Your instructions: Make an exact copy of the lines from the one containing "The stock of" through the end of the material, including both ends but no pictures.

Dataset extract:
"""

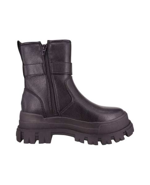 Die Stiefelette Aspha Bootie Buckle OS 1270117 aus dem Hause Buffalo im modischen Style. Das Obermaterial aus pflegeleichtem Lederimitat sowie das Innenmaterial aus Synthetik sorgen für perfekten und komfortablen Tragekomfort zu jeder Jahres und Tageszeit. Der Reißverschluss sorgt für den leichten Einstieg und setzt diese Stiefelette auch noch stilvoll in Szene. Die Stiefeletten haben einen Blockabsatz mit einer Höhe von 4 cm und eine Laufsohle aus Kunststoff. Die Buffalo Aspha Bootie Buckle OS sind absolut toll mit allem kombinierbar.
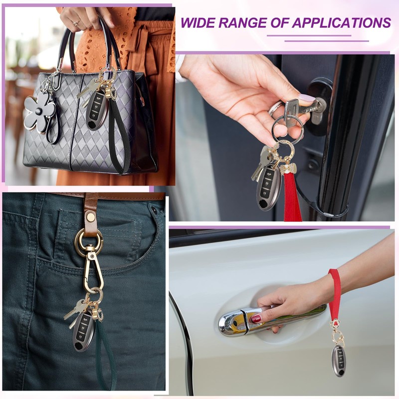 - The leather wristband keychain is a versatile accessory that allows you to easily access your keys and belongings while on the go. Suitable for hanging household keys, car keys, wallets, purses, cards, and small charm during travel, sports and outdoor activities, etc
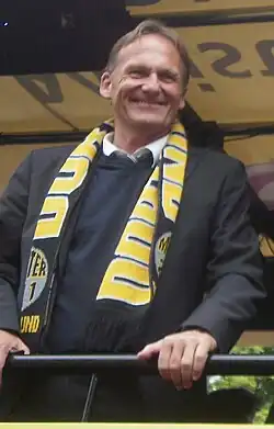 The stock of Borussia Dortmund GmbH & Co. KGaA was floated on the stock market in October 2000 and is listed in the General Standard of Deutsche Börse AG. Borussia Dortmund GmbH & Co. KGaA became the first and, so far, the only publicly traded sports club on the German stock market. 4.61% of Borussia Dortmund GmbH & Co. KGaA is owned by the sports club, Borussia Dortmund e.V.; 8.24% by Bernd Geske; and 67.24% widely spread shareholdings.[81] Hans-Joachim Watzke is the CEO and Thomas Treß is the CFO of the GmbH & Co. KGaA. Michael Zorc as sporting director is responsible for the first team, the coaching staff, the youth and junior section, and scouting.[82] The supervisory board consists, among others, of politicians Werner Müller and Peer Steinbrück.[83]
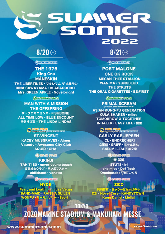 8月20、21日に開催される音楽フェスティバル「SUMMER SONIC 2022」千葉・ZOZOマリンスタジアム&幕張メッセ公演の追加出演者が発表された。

"""

Result for this task:
 The stock of Borussia Dortmund GmbH & Co. KGaA was floated on the stock market in October 2000 and is listed in the General Standard of Deutsche Börse AG. Borussia Dortmund GmbH & Co. KGaA became the first and, so far, the only publicly traded sports club on the German stock market. 4.61% of Borussia Dortmund GmbH & Co. KGaA is owned by the sports club, Borussia Dortmund e.V.; 8.24% by Bernd Geske; and 67.24% widely spread shareholdings.[81] Hans-Joachim Watzke is the CEO and Thomas Treß is the CFO of the GmbH & Co. KGaA. Michael Zorc as sporting director is responsible for the first team, the coaching staff, the youth and junior section, and scouting.[82] The supervisory board consists, among others, of politicians Werner Müller and Peer Steinbrück.[83]
 8月20、21日に開催される音楽フェスティバル「SUMMER SONIC 2022」千葉・ZOZOマリンスタジアム&幕張メッセ公演の追加出演者が発表された。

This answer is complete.